Re: [PATCH] mm: huge_memory: a new debugfs interface for splitting THP tests.

From: David Hildenbrand
Date: Mon Mar 08 2021 - 14:31:56 EST


On 08.03.21 20:11, Yang Shi wrote:
On Mon, Mar 8, 2021 at 11:01 AM Zi Yan <ziy@xxxxxxxxxx> wrote:

On 8 Mar 2021, at 13:11, David Hildenbrand wrote:

On 08.03.21 18:49, Zi Yan wrote:
On 8 Mar 2021, at 11:17, David Hildenbrand wrote:

On 08.03.21 16:22, Zi Yan wrote:
From: Zi Yan <ziy@xxxxxxxxxx>

By writing "<pid>,<vaddr_start>,<vaddr_end>" to
<debugfs>/split_huge_pages_in_range_pid, THPs in the process with the
given pid and virtual address range are split. It is used to test
split_huge_page function. In addition, a selftest program is added to
tools/testing/selftests/vm to utilize the interface by splitting
PMD THPs and PTE-mapped THPs.

Won't something like

1. MADV_HUGEPAGE

2. Access memory

3. MADV_NOHUGEPAGE

Have a similar effect? What's the benefit of this?

Thanks for checking the patch.

No, MADV_NOHUGEPAGE just replaces VM_HUGEPAGE with VM_NOHUGEPAGE,
nothing else will be done.

Ah, okay - maybe my memory was tricking me. There is some s390x KVM code that forces MADV_NOHUGEPAGE and force-splits everything.

I do wonder, though, if this functionality would be worth a proper user interface (e.g., madvise), though. There might be actual benefit in having this as a !debug interface.

I think you aware of the discussion in https://lkml.kernel.org/r/d098c392-273a-36a4-1a29-59731cdf5d3d@xxxxxxxxxx

Yes. Thanks for bringing this up.


If there will be an interface to collapse a THP -- "this memory area is worth extra performance now by collapsing a THP if possible" -- it might also be helpful to have the opposite functionality -- "this memory area is not worth a THP, rather use that somehwere else".

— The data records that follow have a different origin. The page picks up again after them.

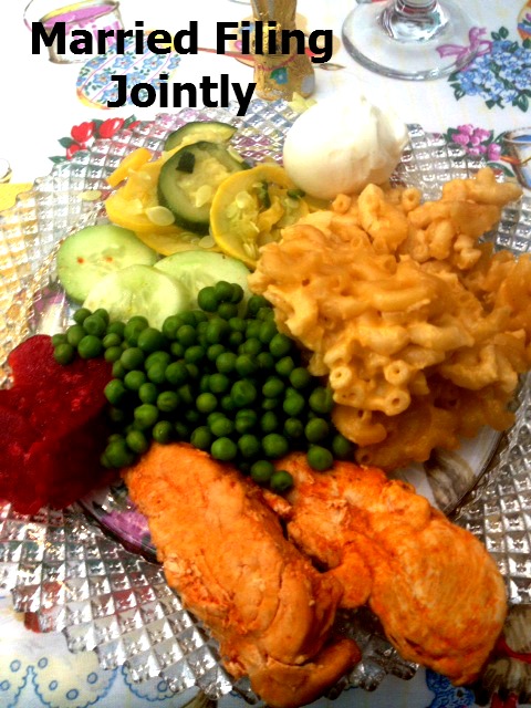 This year my grandmother bought a honey baked ham and mom made buffalo chicken tenders, homemade mac and cheese, jello, rolls, boiled eggs, deviled eggs, peas, squash, and cucumber salad. Um yum! And of course I made dessert.
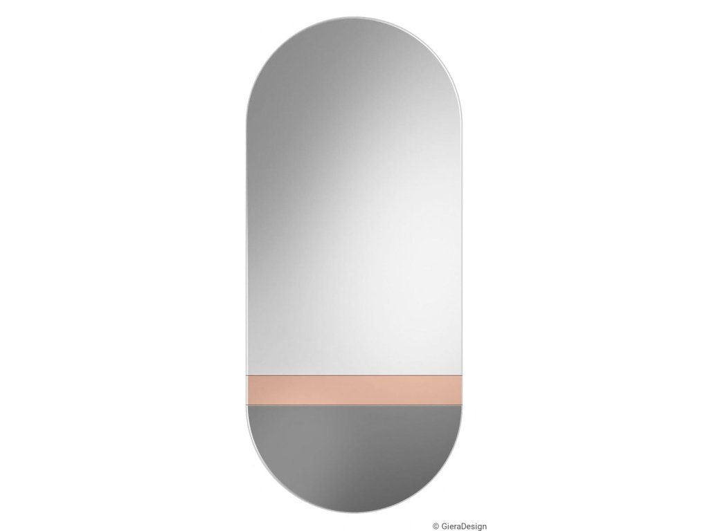 Originální zrcadlo v moderním stylu, inspirované grafikou 60. let, ozdobí moderní obývací pokoj, ložnici nebo předsíň jako umělecké dílo. Toto oválné zrcadlo je krásnou ozdobou moderního interiéru, je vynikající také pro moderní eklektické interiéry. Zrcadlo je kombinací tří různých prvků. Největší část tvoří zrcadlová plocha nejvyšší jakosti. Následuje proužek v různé barvě. Poslední část zrcadla zpestřuje plocha v grafitové barvě.
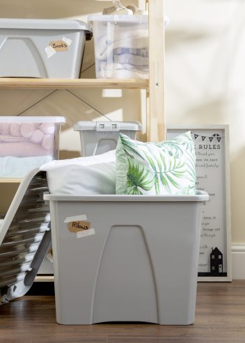 Contemporary design storage box & lid in modern soft grey colour. Versatile storage solution for the home. Approx. 75L capacity. 100% recycled and recyclable.
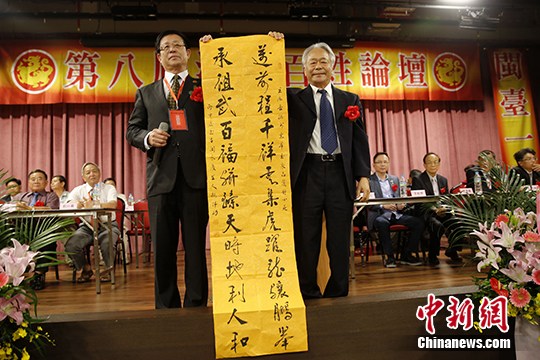 福建省姓氏源流研究会副会长林伟功(左)展示为论坛书写的对联。 中新社记者 陈小愿 摄
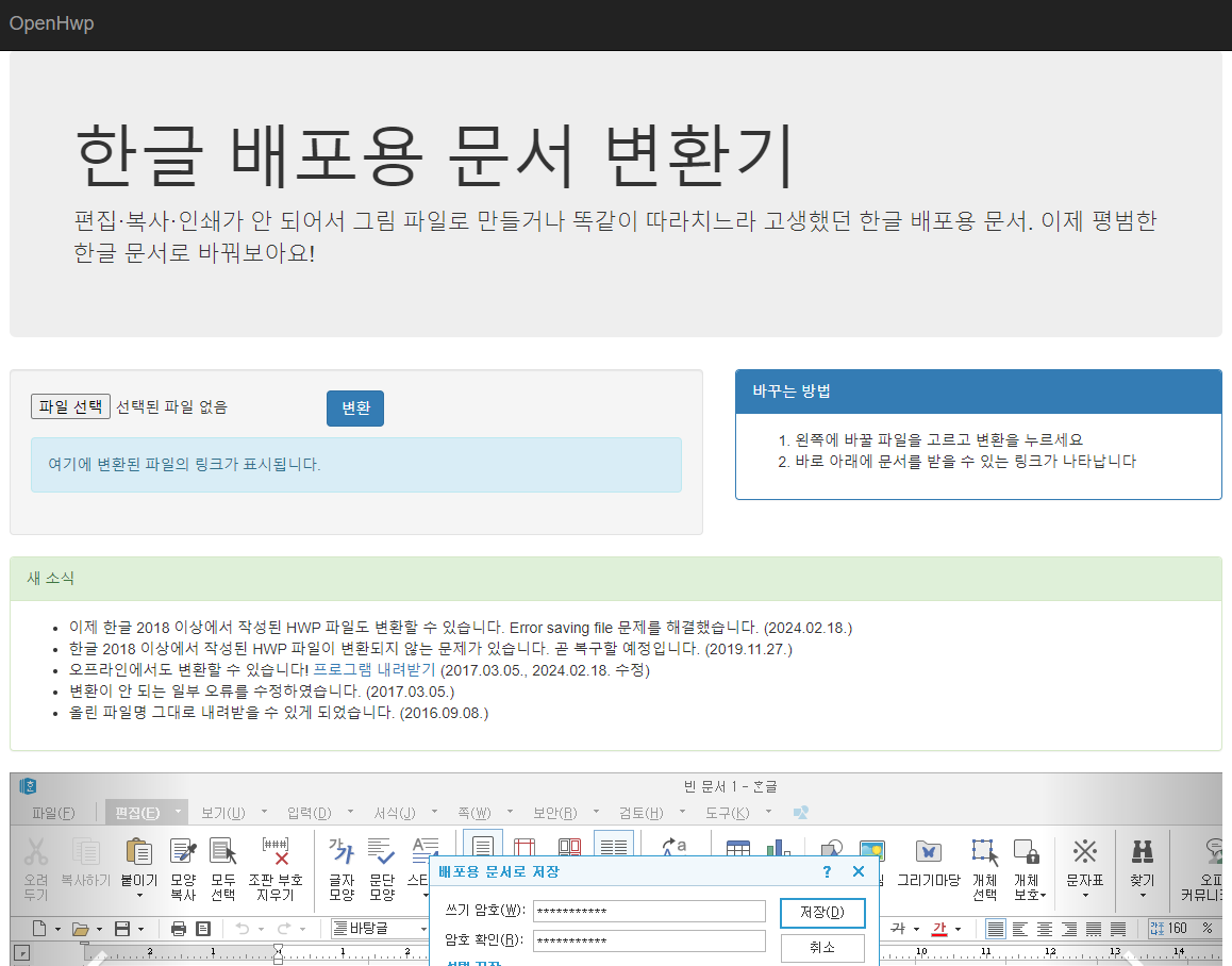 한글 배포용 문서 변환기 편집·복사·인쇄가 안 되어서 그림 파일로 만들거나 똑같이 따라치느라 고생했던 한글 배포용 문서. 이제 평범한 한글 문서로 바꿔보아요! 새 소식 이제 한글 2018 이상
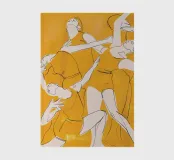 Une œuvre d'art abstraite représentant des figures féminines dansantes, tracées en noir sur un fond jaune vibrant, exprimant le rythme et le mouvement dans un style minimaliste.
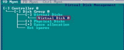 4) 確認點擊OK后,返回VD Mgnt界面,即可看到RAID10的獨立熱備盤設置完畢,如圖3-8所示:
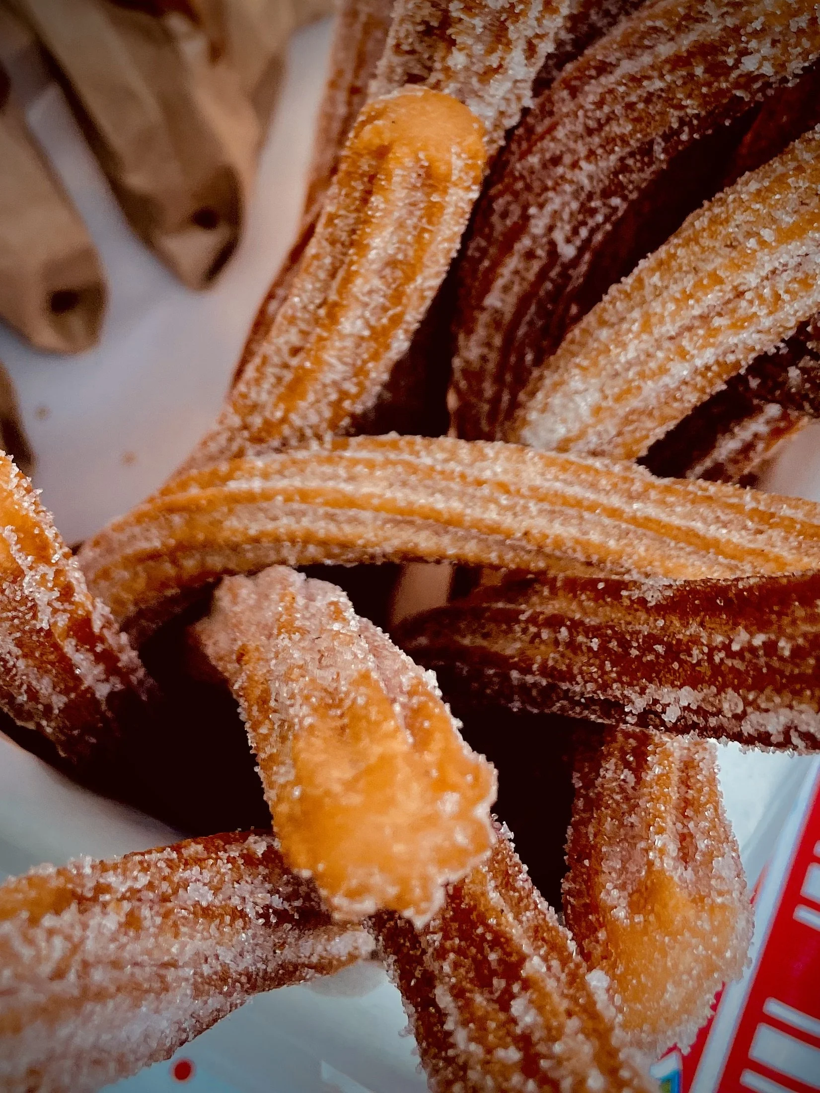 Close-up of sugar-coated churros with a bite taken out, showing the golden, crispy exterior.
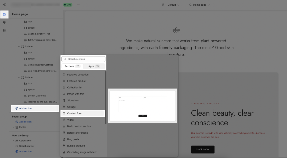 Step 02: In the theme editor (Customize), click the Sections button > Click the Add section button > In the Sections tab, scroll through the list or use the search bar to find and select Contact Form.
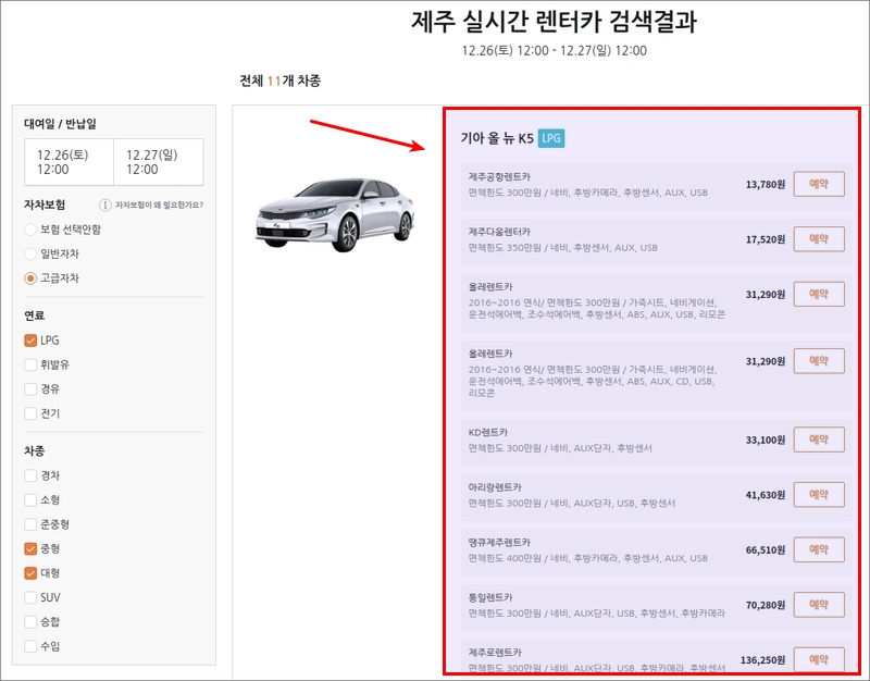 전기차 외에 LPG, 휘발유, 경유가 들어가는 렌트카도 검색해 보세요. 좀 더 높은 급의 차량을 저렴한 요금에 사용할 수 있어요. 이용할 수 있는 업체도 많은 편이고요.
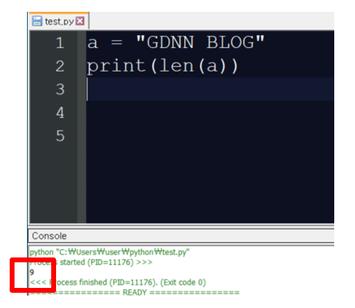 GDNN BLOG라는 문자열의 길이를 출력해 보았더니 공백까지 포함해서 9인 것을 알 수 있습니다.
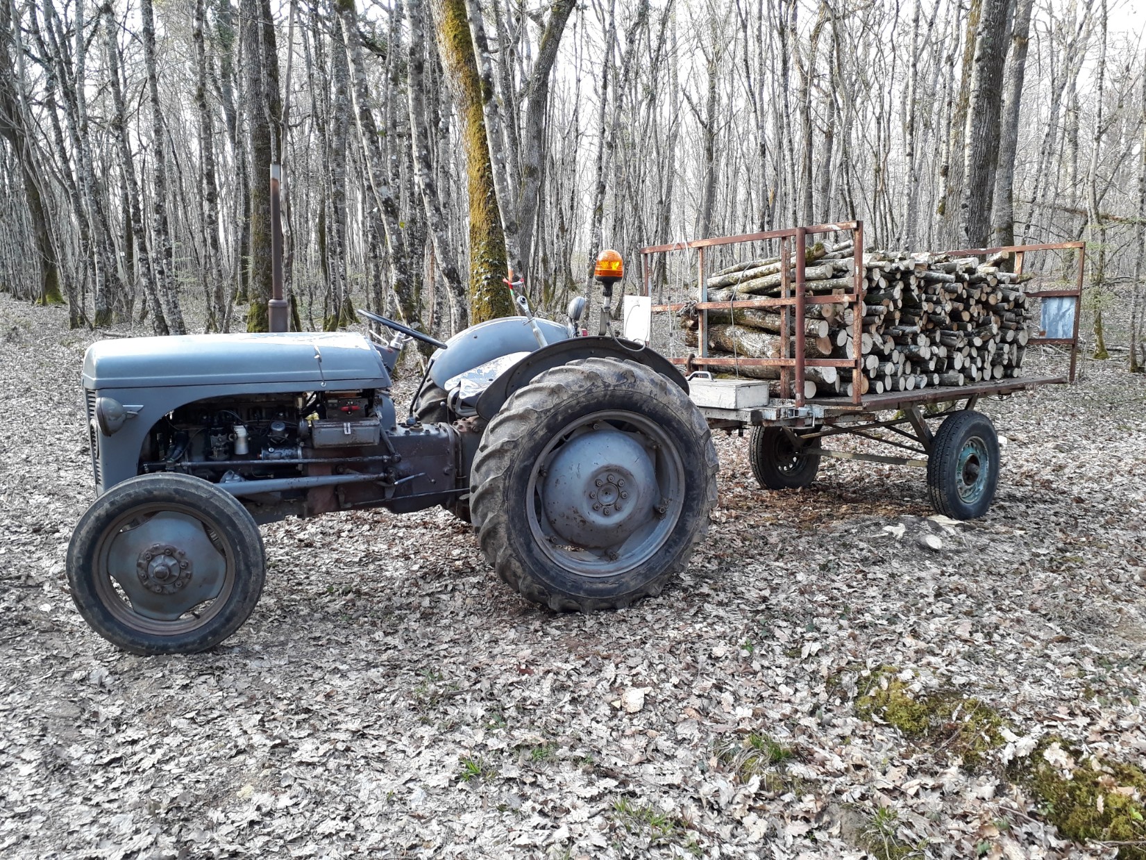 Après réfection de l'allumeur Lucas, le fergie est reparti au travail. Débardage fait pour une allée dans les parcelles pour prochain affouages de la commune têtes de chêne et hêtre
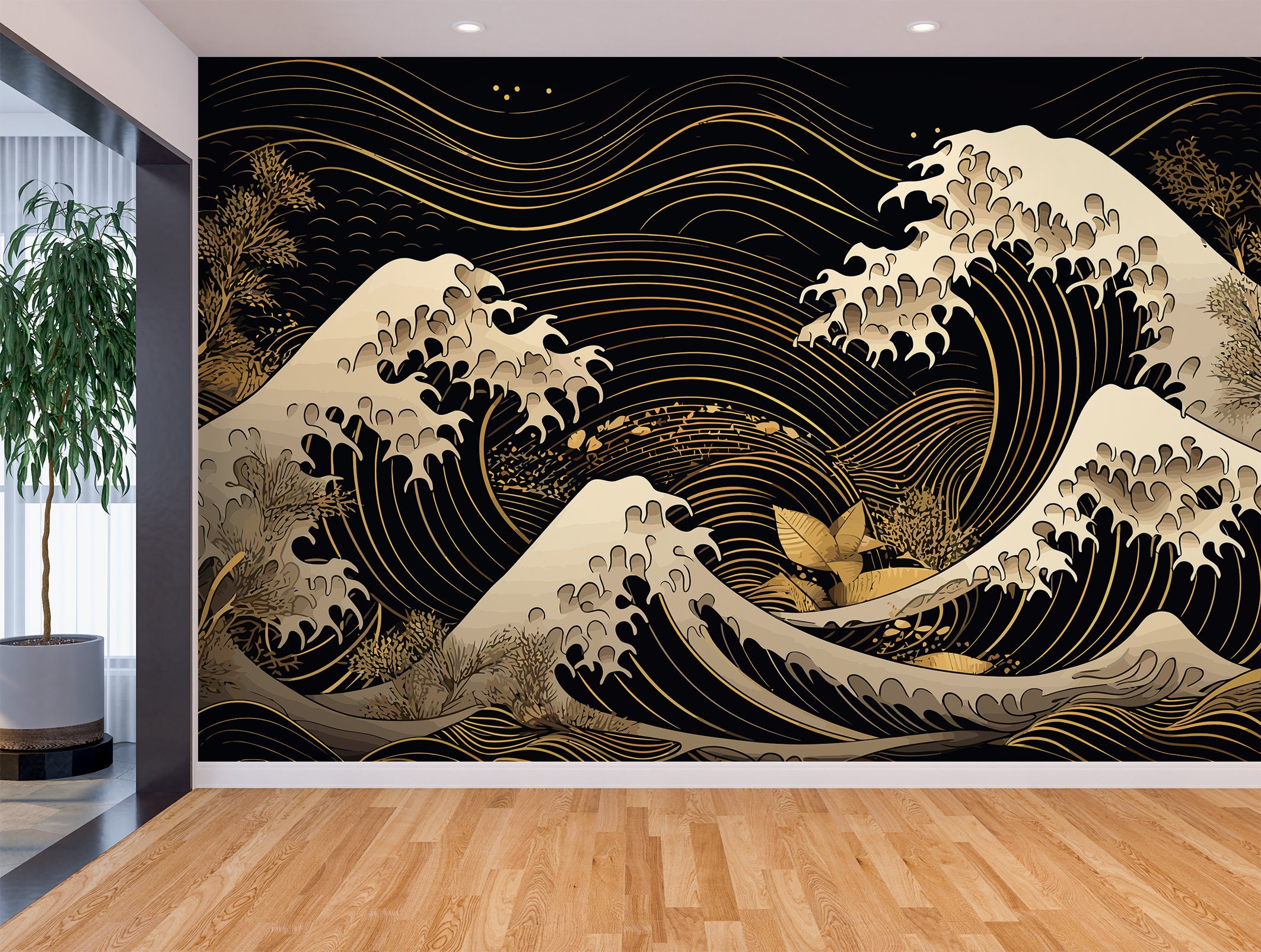 "Bring the iconic beauty of Japanese art into your home with The Great Wave wall mural. This st...
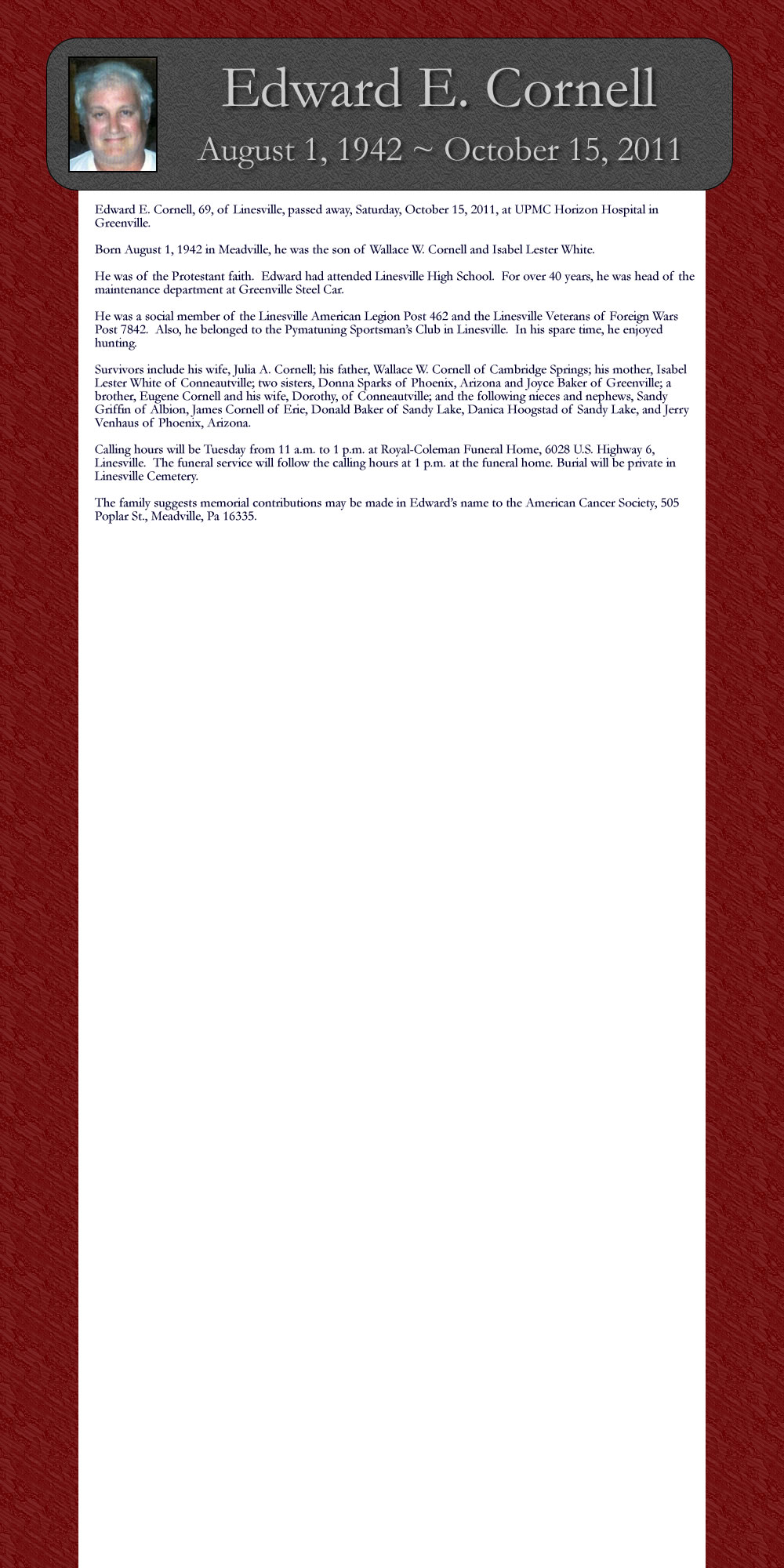ard E. Cornell, 69, of Linesville, passed away, Saturday, October 15, 2011, at UPMC Horizon Hospital in Greenville.
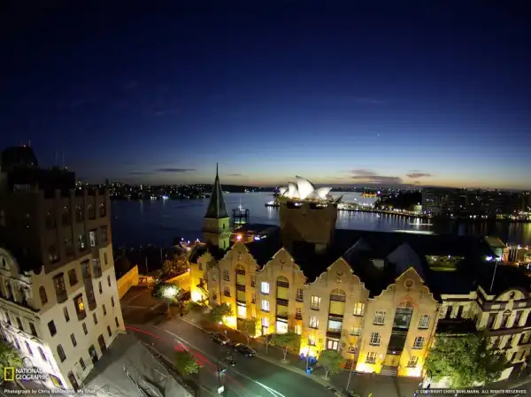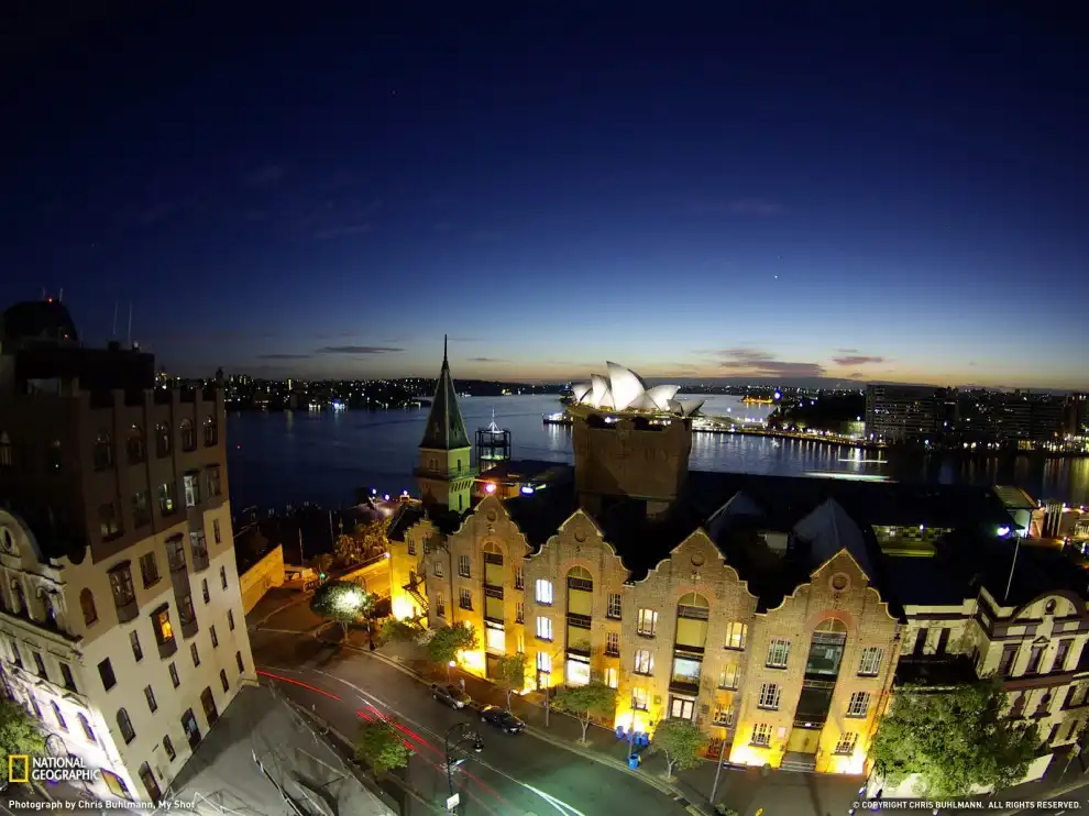 Старый Город, Сидней, Австралия, на рассвете. Фотография сделана с крыши гостиницы. Вдали видно здание Сиднейской оперы.

MADV_HUGE_COLLAPSE vs. MADV_HUGE_SPLIT

I agree that MADV_HUGE_SPLIT would be useful as the opposite of COLLAPSE when user might just want PAGESIZE mappings.
Right now, HUGE_SPLIT is implicit from mapping changes like mprotect or MADV_DONTNEED.

IMHO, it sounds not very useful. MADV_DONTNEED would split PMD for any
partial THP. If the range covers the whole THP, the whole THP is going
to be freed anyway. All other places in kernel which need split THP
have been covered. So I didn't realize any usecase from userspace for
just splitting PMD to PTEs.

THP are a limited resource. So indicating which virtual memory regions are not performance sensitive right now (e.g., cold pages in a databse) and not worth a THP might be quite valuable, no?

--
Thanks,

David / dhildenb